Nov 09 2014

Parasite Prevention and Indoor Cats

Before you decide that your indoor-only cat does not need parasite prevention, consider these important facts:


  • Cockroaches, mice and flies all can carry roundworm eggs. Cats are natural hunters and will hunt them!
  • 15 percent of commercial potting soil contains roundworm eggs.
  • The Northeast has the highest prevalence of roundworms than any other part of the country.
  • Other animals in the household that do go outside – like dogs and people – can bring in different parasites that can affect the indoor cat.
  • A study conducted in 2007 by the CDC proves that almost 14 percent of the U.S. population is infected with Toxocara (Roundworms) – much higher than what was originally thought.
  • The same study also states “Although most persons infected with Toxocara have no symptoms, the parasite is capable of causing blindness and other systemic illness.”

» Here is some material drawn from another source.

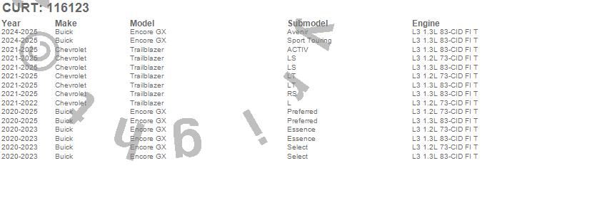 Below is an abbreviated list of applications for the Class I 1.25 in. Receiver Hitch.Encore GX, Trailblazer, Buick, Chevrolet, 2026, 2025, 2024, 2023, 2022, 2021, 2020

  • Children and immune-compromised people, such as cancer patients, people with HIV or AIDS and organ transplants, are more susceptible to infection with these parasites.
  • 40 percent of immune-compromised people have a pet at home.

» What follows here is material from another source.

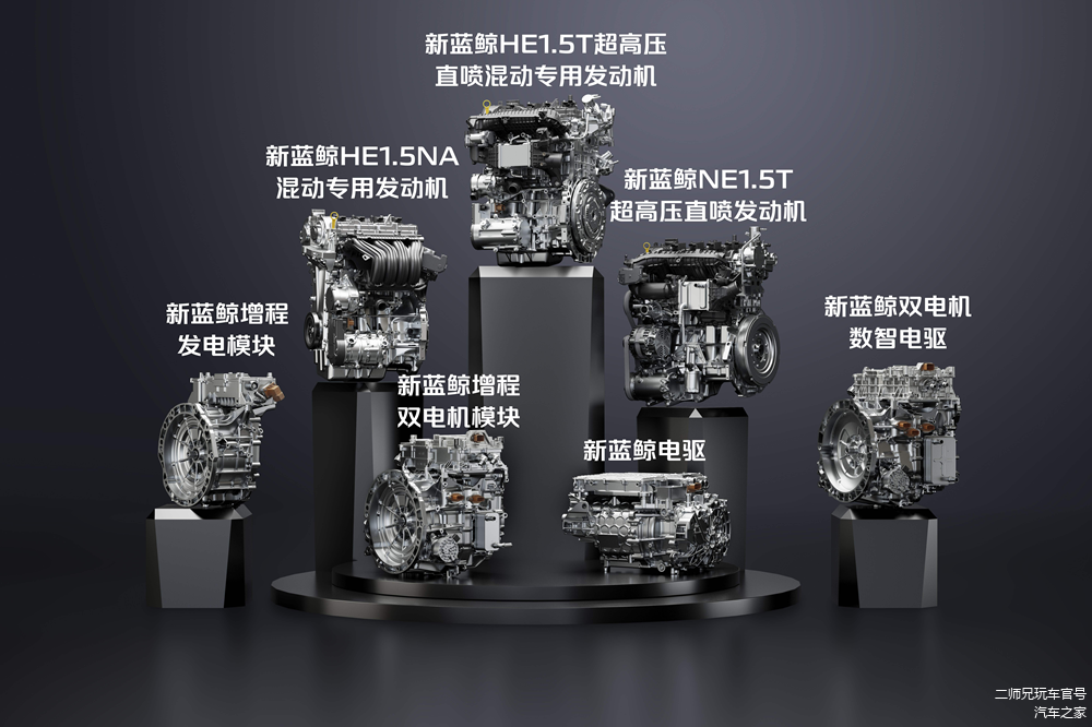 新蓝鲸动力,突出一个“全域全场景”,所谓全域,既包含人们熟悉的三电系统,也包括燃油发动机等核心零部件。

  • Roundowrm, or Toxocara cati, are prolific egg producers and are estimated to produce as many as 24000 eggs per day
  • It is estimated that 3 million to 6 million people in the United States may be infected with Toxocar larva migrans each year.
  • In just 30 days, 25 female fleas can multiply to more than 250,000.
  • All it takes is one adult worm in a cat’s heart to be fatal. Cats that die from heartworm can be clinically normal one hour before death.
  • More than 25 percent of cats with proven heartworm infection, according to their owners, are kept indoors exclusively.